I can't think of any web spinner that is not an orb weaver and also not a shy, hidey spider, off hand.


----------



## aimike (Oct 21, 2017)

Thanks @Torech Ungol

I've just been reading up on Kukulcania hibernalis, it looks pretty cool, it doesn't have to be actively walking around, just not fall asleep when it has prey  

Although, reading up on Kukulcania hibernalis, they seem to have non sticky webbing, and its the silky sticky webbing that amazes me ( A bit like garden spiders, but the golden orb weaver looks like it produces lots more than a garden spider).

I'll look at your other suggestions now, thank you so much for giving me some ideas.


----------



## Ratmosphere (Oct 21, 2017)

I'd agree with _Kukulcania hibernalis_. Get to a nice size, create awesome webbing, and are usually docile.


----------



## aimike (Oct 21, 2017)

The webbing (from reading wiki) is not supposed to be sticky, does that mean they just pick the prey up and drag them back to a corner rather than wrap them up and play with the food in full display?


----------



## Andee (Oct 21, 2017)

If you want orb webs you got to get orb weavers, but I never recommend them for a first species. Most people who have been in the hobby for years on end even do horrible with them. I recommend for a wonderful webbing spider and active species Badumna sp. but they are hugely individuals. So you get what you get with them.


----------



## arachnoherp (Oct 21, 2017)

Good orbweaver if youve got a decent size enclosure like a tank or popup enclore are the nephila species.  Also some of the other maygalomorphs web pretty heavilly


----------



## Avic52300 (Oct 21, 2017)

I heard GBB's are good, very big on web spinning!!! I hear they are docile, and are  terrestrial. Very beautiful. Someone else on here will have better info than me though, I don't know a whole lot about them. Only hear say


----------



## JumpingNerscylla (Oct 21, 2017)

I'm not too well versed with orb weavers and have only owned one, but the one I had was pretty active most of the time (she was a Cross Orb Weaver if I remember correctly), however, if you, for whatever reason don't get an orb weaver, I'd suggest a Latrodectus


----------



## Andee (Oct 21, 2017)

Cross orb weavers and similar species that are less well known are definitely ones I recommend. I keep them and they don't need huge enclosures. The Agriope sp. and such, need larger enclosures, do best with square ones or any that have corners to use. All orbweavers are aroboreal and need medium to light foliage and need slightly high humidity.


----------



## aimike (Oct 21, 2017)

For orb weavers from what I've been reading (mostly from this forum),  keeping them alive and happy is hard.  Putting then in a glass cage obviously kills them since they have no way to climb and weave, even if you put debris in the cage the glass walls will probably still make them very anxious and not help  much, since they like to hide away and well.... eat/live.

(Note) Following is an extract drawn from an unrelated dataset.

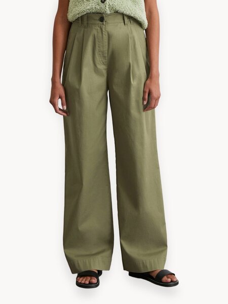 Широкие брюки Marc O'Polo из смесового хлопка Лаконичная модель выполнена из эластичного твила – идеальный вариант для тех, кто не хочет идти на компромисс между комфортом и стилем. Брюки с широкими штанинами – одни из самых универсальных и многофункциональных брюк за счет своей комбинаторности. Они идеально подходят для самых разных случаев. Изготовлены из прочного твила, состоящего из смеси органического хлопка и эластана. Модель стандартной посадки на талии дополнена классическим поясом со шлевками для ремня и защипами. Застегивается на пуговицу и молнию. Большей практичности изделию добавляют просторные карманы спереди и карманами на пуговицах сзади.

 I've read that some people have kept them in a mesh, which apparently works well, but observation in a mesh is harder.    

They seem to love weaving in arches of lofts/basements,  around lights in rooms, on the corners of ceilings, between branches of trees, or the corners of window panes (with frames around them).  Basically, places where flies will be attracted to, or will stumble into.

I wonder if I could make a cage, where it was possible to simulate many of these points.  Some how make the glass climable (many beams) and frame the inside of the glass to simulate a garden shed window, a small light to attract flies, some arches and overhangs.... basically, I guess that's called a shed, but a small version of it for a cage.

I do love orb weavers, I was hoping that there would be a common web building spider that many people keep successfully as a pet.  Or even people that have found keeping orb weavers in a particular cage easy (if there is a type of cage, I would definitely buy one)

I will find a way to make it happy, and if they are so hard to keep ill start building a cage before I even think about buying the spider

@arachnoherp From videos, I do like nephila, they look like they have really thick beautiful silk, i just didnt know how hard it would be to get one that's happy indoors in a cage in the uk ( maybe that's one of the reasons  that many spider lovers keep tarantulas)


----------



## aimike (Oct 21, 2017)

@Andee

Are cross orbweavers commonly the ones you would see in a garden, if so i love the way they interact and build.  How do you keep them indoors?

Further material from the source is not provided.